Problem to solve>
Leave out every picture, and return exactly the lines from the line containing "萬畝油菜花海在山間盡情綻放,錯落有致的梯" through the end of the records below, both inclusive.

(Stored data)
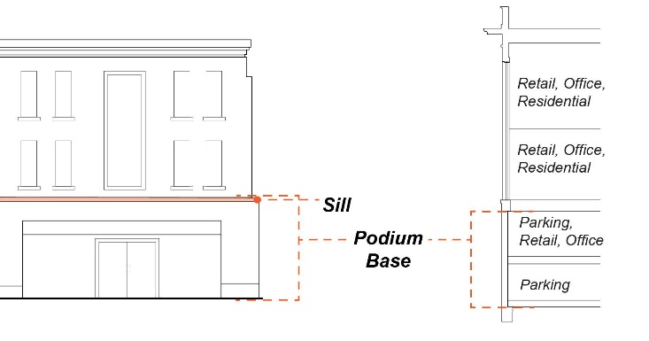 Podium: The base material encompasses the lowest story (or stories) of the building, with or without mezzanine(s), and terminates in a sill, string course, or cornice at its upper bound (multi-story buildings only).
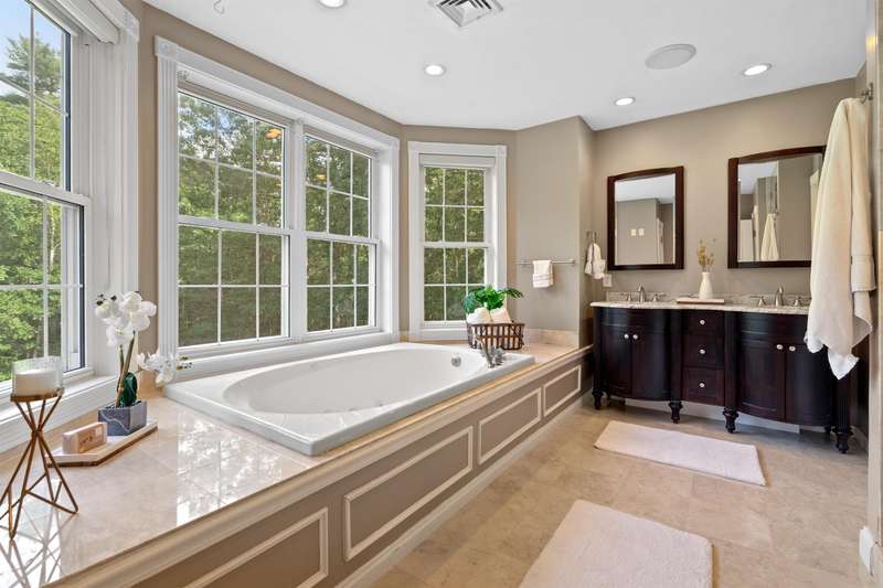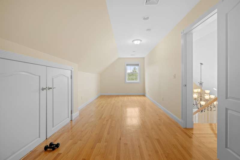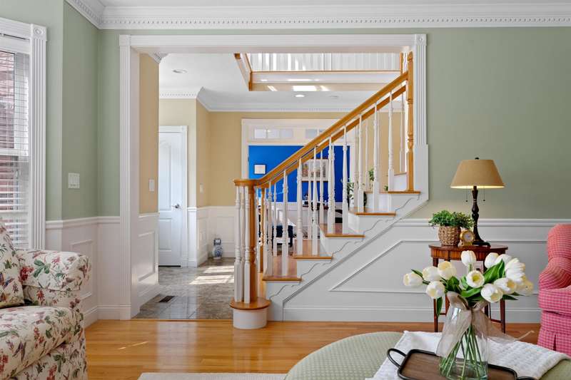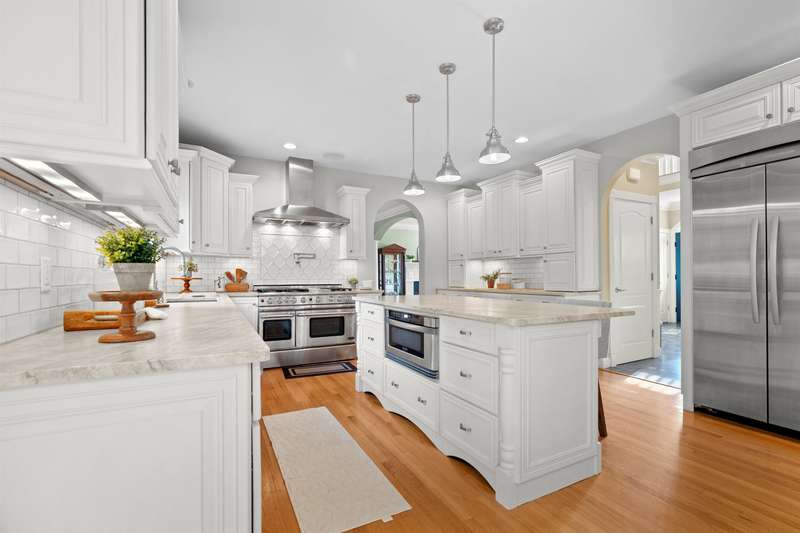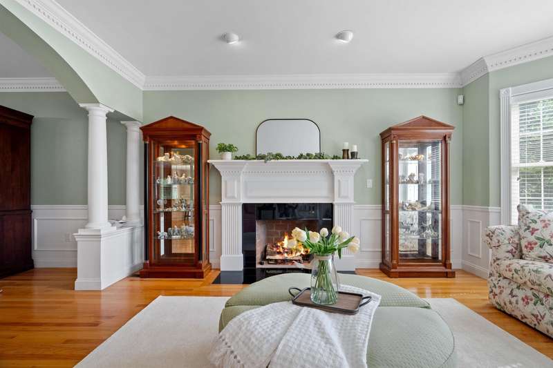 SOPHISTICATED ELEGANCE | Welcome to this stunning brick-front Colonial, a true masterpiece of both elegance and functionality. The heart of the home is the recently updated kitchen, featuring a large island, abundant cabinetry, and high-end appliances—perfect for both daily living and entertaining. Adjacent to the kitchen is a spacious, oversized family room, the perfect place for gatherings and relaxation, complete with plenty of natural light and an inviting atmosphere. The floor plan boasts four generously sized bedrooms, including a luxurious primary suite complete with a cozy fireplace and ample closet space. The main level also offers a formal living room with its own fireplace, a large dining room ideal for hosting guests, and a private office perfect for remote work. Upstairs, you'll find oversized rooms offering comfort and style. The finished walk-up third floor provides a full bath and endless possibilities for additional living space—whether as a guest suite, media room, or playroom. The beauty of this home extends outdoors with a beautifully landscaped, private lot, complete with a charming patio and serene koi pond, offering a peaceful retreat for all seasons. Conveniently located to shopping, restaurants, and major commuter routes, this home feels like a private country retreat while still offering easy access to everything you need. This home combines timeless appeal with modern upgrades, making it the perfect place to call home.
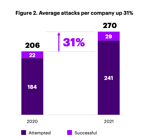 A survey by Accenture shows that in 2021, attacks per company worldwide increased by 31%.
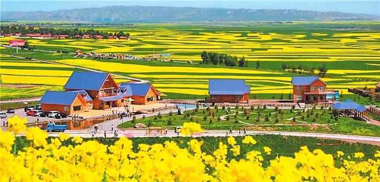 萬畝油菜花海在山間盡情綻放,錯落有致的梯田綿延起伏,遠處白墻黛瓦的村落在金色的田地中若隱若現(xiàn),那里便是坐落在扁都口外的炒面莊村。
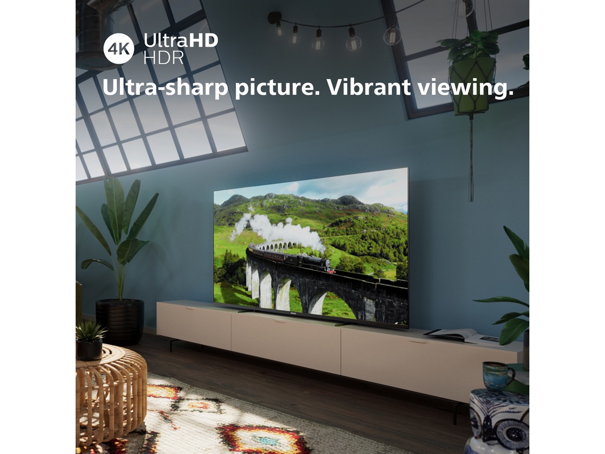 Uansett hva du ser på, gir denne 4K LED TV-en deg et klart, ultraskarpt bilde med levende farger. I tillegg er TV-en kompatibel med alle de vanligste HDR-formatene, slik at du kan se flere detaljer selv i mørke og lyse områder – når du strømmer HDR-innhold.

Answer below>
 萬畝油菜花海在山間盡情綻放,錯落有致的梯田綿延起伏,遠處白墻黛瓦的村落在金色的田地中若隱若現(xiàn),那里便是坐落在扁都口外的炒面莊村。
 Uansett hva du ser på, gir denne 4K LED TV-en deg et klart, ultraskarpt bilde med levende farger. I tillegg er TV-en kompatibel med alle de vanligste HDR-formatene, slik at du kan se flere detaljer selv i mørke og lyse områder – når du strømmer HDR-innhold.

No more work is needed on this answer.